2005-03-18 Thread roy-lucene-user
Hi guys,

Just trying to understand where problems can occur.

Maybe I need to describe our indexing process some more.

We create new indexes as "index parts" with Documents that are supposed to 
contain unique ID key fields.

These "index parts" get merged into two separate indexes: a main index and a 
message index.  The main index does not "store" any text (for faster search 
retrieval), so we create new Documents based on the old Documents and add them 
with the IndexWriter.addDocument method.

There is also the possibility that multiple copies of the same document exist 
(updated versions) in the main index and the "index parts".  Also multiple 
copies of the same document can exist in separate "index parts" as well.

So what we do is build a unique list of Documents based on the unique ID field 
by iterating through every Document in every "index part".  This entails 
opening and closing an IndexReader for each "index part".

We then make sure that none of these documents exist in the main index.  We 
open another IndexReader to the main index and then loop through all the 
Documents and run a IndexReader.delete( new Term( "ID", id ) ).  The 
IndexReader is then closed.

We then open an IndexWriter to the main index.  We then loop through all the 
Documents again, this time do a IndexWriter.addDocument for each Document.  We 
then close the main index.

We do not optimize until the weekend.

There is also another jvm running that handles searches.  This could be running 
a search on the main index at any given moment.  However, it closes the 
IndexSearcher after every search.

Are there areas here where it can cause the problem?

Roy.

On Thu, 17 Mar 2005 17:52:17 -0500, [EMAIL PROTECTED] <[EMAIL PROTECTED]> wrote:
> We were noticing some odd behavior recently with our indexes.
> 
> We have a process that adds new documents into our indexes.  When we iterate 
> through all the documents through an IndexReader, we're not seeing the new 
> documents and we're not seeing the new documents when we run a search.
> 
> However, after optimizing, suddenly those new documents appear.  Its almost 
> as if the new segments are not being read by the IndexReader.
> 
> Any thoughts?
> 
> We're running on Windows NT, jdk 1.4.2 and lucene 1.4.

-
To unsubscribe, e-mail: [EMAIL PROTECTED]
For additional commands, e-mail: [EMAIL PROTECTED]

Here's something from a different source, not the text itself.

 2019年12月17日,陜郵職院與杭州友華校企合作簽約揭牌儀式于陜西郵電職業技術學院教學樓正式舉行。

Re: new added documents not showing

2005-03-21 Thread roy-lucene-user
On Sat, 19 Mar 2005 22:43:44 +0300, Pasha Bizhan <[EMAIL PROTECTED]> wrote:
> Could you provide the code snippets for your process?
> 

Sure (thanx for helping, btw)

I just realized that the way I described our process was off a little bit.

Here's the process again:

1.  grab all index Directorys (index parts)
2.  loop newest to oldest and make documents unique (by deleting older 
documents)
3.  get list of documents from index parts to delete from our main index
4.  delete documents from main index
5.  add all documents from index parts into the main index

I apologize for the amount of code below.

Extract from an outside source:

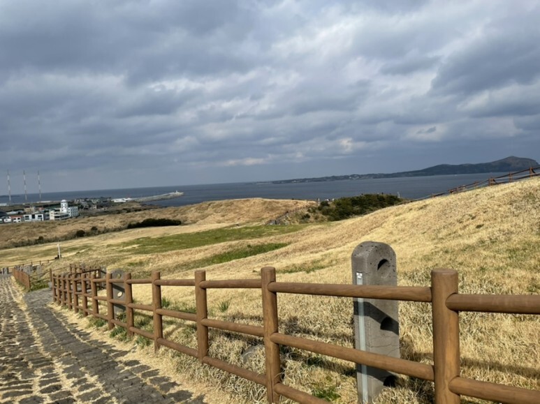 일단은 완만한 오르막길로 시작하는데 저 멀리 성산일출봉과 하늘, 구름의 조화가 정말 너무 예뻤다.

Here is the code that loops through all the index parts, from newest to oldest, 
and then deletes the documents from any older index parts.

The unique ID we use as a Key Field is "ReceivedDate".

IndexReader reader = null;
IndexReader reader2 = null;

try {
/*
 *-
 * Loop backwards (latest to oldest) through parts
 *-
 */
for ( int i = ( directories.length - 1 ); i >= 0; i-- ) {
reader = IndexReader.open( FSDirectory.getDirectory( 
directories[i], false ) );
int numDocuments = reader.numDocs();

/*
 *-
 * Loop forward (oldest to latest) up to the current part
 * being looked at.
 * Delete any messages from the older parts that exist in the
 * current part.
 *-
 */
for ( int x = 0; x < i; x++ ) {
String partName = directories[x].getName();
reader2 = IndexReader.open( FSDirectory.getDirectory( 
directories[x], false ) );

for ( int h = 0; h < numDocuments; h++ ) {
if ( !reader.isDeleted( h ) ) {
Document d = reader.document( h );
String receivedDate = d.get( "ReceivedDate" );
Term term = new Term( "ReceivedDate", receivedDate 
);
int num = reader2.delete( term );
}
}

reader2.close();
reader2 = null;
}

reader.close();
reader = null;
}
}
catch ( Exception e ) {
// log error
}
finally {
try {
if ( reader != null ) reader.close();
if ( reader2 != null ) reader2.close();
}
catch ( IOException e ) {
// log error
}
}

Here we build up a list of ReceivedDates to help us delete from the main.index. 
 I just realized that we could build this list from the previous section.

List list = new ArrayList();
for ( int i = 0; i < directories.length; i++ ) {
IndexReader r = null;
try {
r = IndexReader.open( directories[i] );
int num = r.numDocs();

for ( int x = 0; x < num; x++ ) {
if ( !r.isDeleted( x ) ) {
Map map = new HashMap();
Document d = r.document( x );
map.put( "ReceivedDate", d.get( "ReceivedDate" ) );
list.add( map );
}
}
}
catch ( Exception e ) {
e.printStackTrace();
}
finally {
if ( r != null ) try { r.close(); } catch ( Exception e ) {}
}
}
return list;

Here we actually go through and delete the documents from the main index.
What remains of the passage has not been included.